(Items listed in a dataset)

———

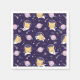 Paper napkins with an adorable pattern featuring kitty cat astronauts floating in space. Fun and whimsical.
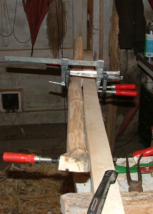 Ich baue eine Bogen wie man es nicht machen sollte: ich hab keinen Plan mehr vom Verlauf der Jahresringe und durchschneide den äußeren Jahresring auf ganzer Länge........
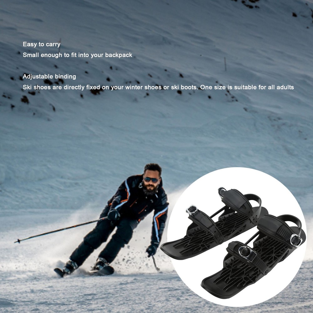 Feature: 1. Adjustable Binding: The ski shoes can be directly fixed on your winter shoes or ski boots. The adjustable binding on the shoes allows you to connect to any shoe, and one size can fit all adults. 2. Easy to Control: The ski shoes are made of highly nylon, stainless steel and metal buckle. The edge of the metal snowboard can make you stop easily. So even beginners can easily control the direction and maintain balance when going downhill. People who play ice hockey, skate, or even use roller skates will feel this is very natural. 3. Portable: The mini snowboard are small enough to fit into your backpack, so you can take them with you. You don't need ski boots or any other heavy and expensive equipment, just open your backpack and enjoy a unique skiing experience in your winter adventure. 4. Applicability: The cold winter can not block the love of sports and yearning for freedom. Ski shoes are suitable for cross country skiing, skating, forest trails, slopes and so on. It's cool to wear them to ski and will bring you a different experience and change everything about your ski trip. Bring your ski shoes for a winter trip, ski competition and ski party. 5. A Nice Gift: The mini ski boots can be a gift for friends or family who like skiing. When they receive this gift, they will be very happy. They can wear them for winter outdoor sports. And the shoes let them slide easily on the ice and snow, which is full of fun. Specification: Item Type: Ski shoes Material: ABS, nylon, aluminum alloy Weight: Approx. 1611g/56.8oz Color: Black Product Size: size, fit US 5-14, EU 35-48 Product Size: 43.5x14.5 x8.5cm/17.1x5.7x3.3in Package List: 1 x Mini Ski Shoes 1 x Storage Bag Note: 1. Please allow 1‑3mm error for manual measurement, thank you! 2. Due to the difference between different monitors, the pictures may not reflect the actual color of the items. 1. Our listing price includes the value of goods,packaging cost,and export taxes,not including international duties. 2. duties,taxes,and charges are not included in the item price or shipping fee. 3. T he duties are buyers' responsibility .Please check with your country's customs office determine what these additional costs will be prior to your purchase. 4. All disputes arising from the duties will be submitted to ebay for solution. 1. Any questions, pls. contact us via ebay message or email us. We will reply your message within 48 hours. If you do not receive our reply within 48 hours, pls. post a message again because sometimes our message system may block some emails. 2. If you are satisfied with our service, pls. kindly leave us a positive feedback and give us the Detailed Seller Rating with all " 5 " in very area 3. Our aim is to provide Level Customer Service, your recognition will encourage us greatly and serve you better. We strive to keep all our customers satisfy. We will do our up most to exceed your expectations in customer service, communication and dispatching of your orders. On Mar 2, 2025 at 19:36:27 PST, seller added the following information:
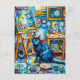 Un gato azul-negro se sienta en el estudio de un pintor rodeado de pinturas coloridas en un ambiente artístico.
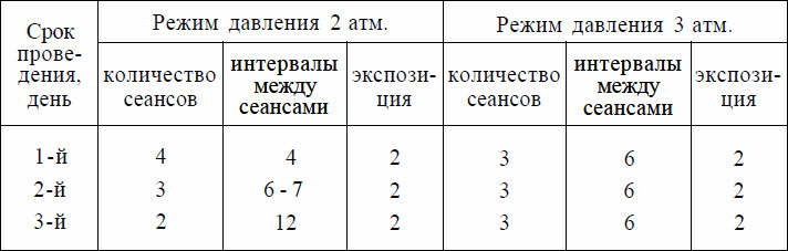 В последние годы гипербарическая оксигенация с успехом применяется в комплексной терапии анаэробной инфекции. Основанием для ее назначения служит антибактериальное действие гипероксии, а также наличие гипоксии в клинике заболевания. Может быть рекомендована следующая схема лечения (табл. 2).
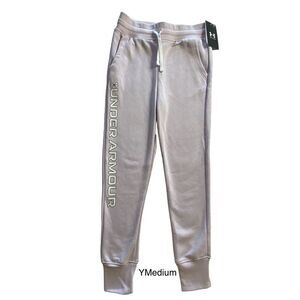 UNDER ARMOUR GIRLS YMED Armour Rival Fleece Joggers - Cool Pink and white Trim
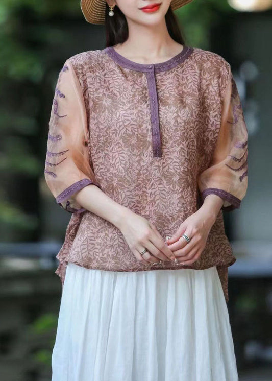 Boho Grünes O-Ausschnitt Organza Besticktes Patchwork Leinen Top Sommer LY4077
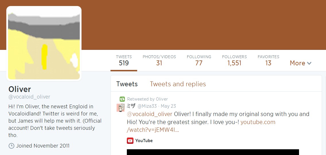 | English | Oliver @vocaloid_oliver The official Twitter account for VOCALOID OLIVER | Link |
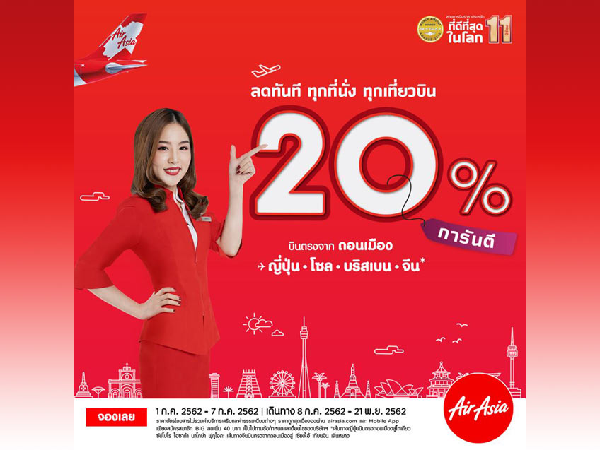 - เส้นทางบินตรงจากดอนเมือง สู่ ญี่ปุ่น โซล บริสเบน จีน ลดทันที่ 20% ทุกที่นั่ง ทุกเที่ยวบิน
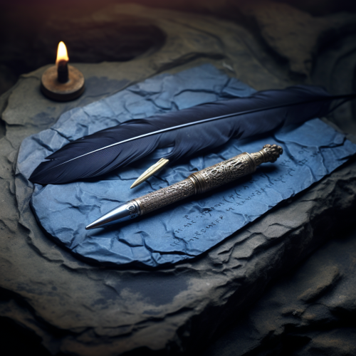 not a pencil but An ancient quill pen writes a test on a stone. blue and gray background.
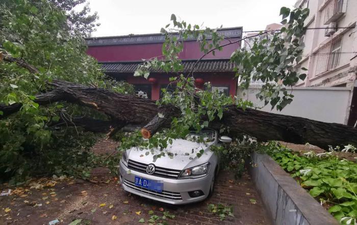 8月12日,北京三里屯南路被大树砸坏的轿车。
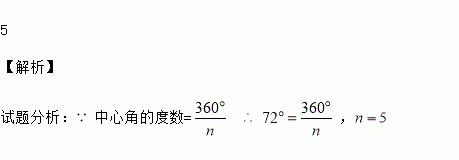 如果一个正多边形的中心角为72°,那么这个正多边形的边数是 .
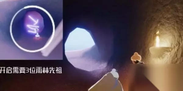 3、开洞穴的【屏障门】后即可点燃先祖石像,玩家需要运火接背背先祖。

———

=== Problem ===
Take the lines from the first line of the entries through the line with "Ich baue eine", inclusive, and give them again exactly, minus any pictures.

=== Answer space ===
 Paper napkins with an adorable pattern featuring kitty cat astronauts floating in space. Fun and whimsical.
 Ich baue eine Bogen wie man es nicht machen sollte: ich hab keinen Plan mehr vom Verlauf der Jahresringe und durchschneide den äußeren Jahresring auf ganzer Länge........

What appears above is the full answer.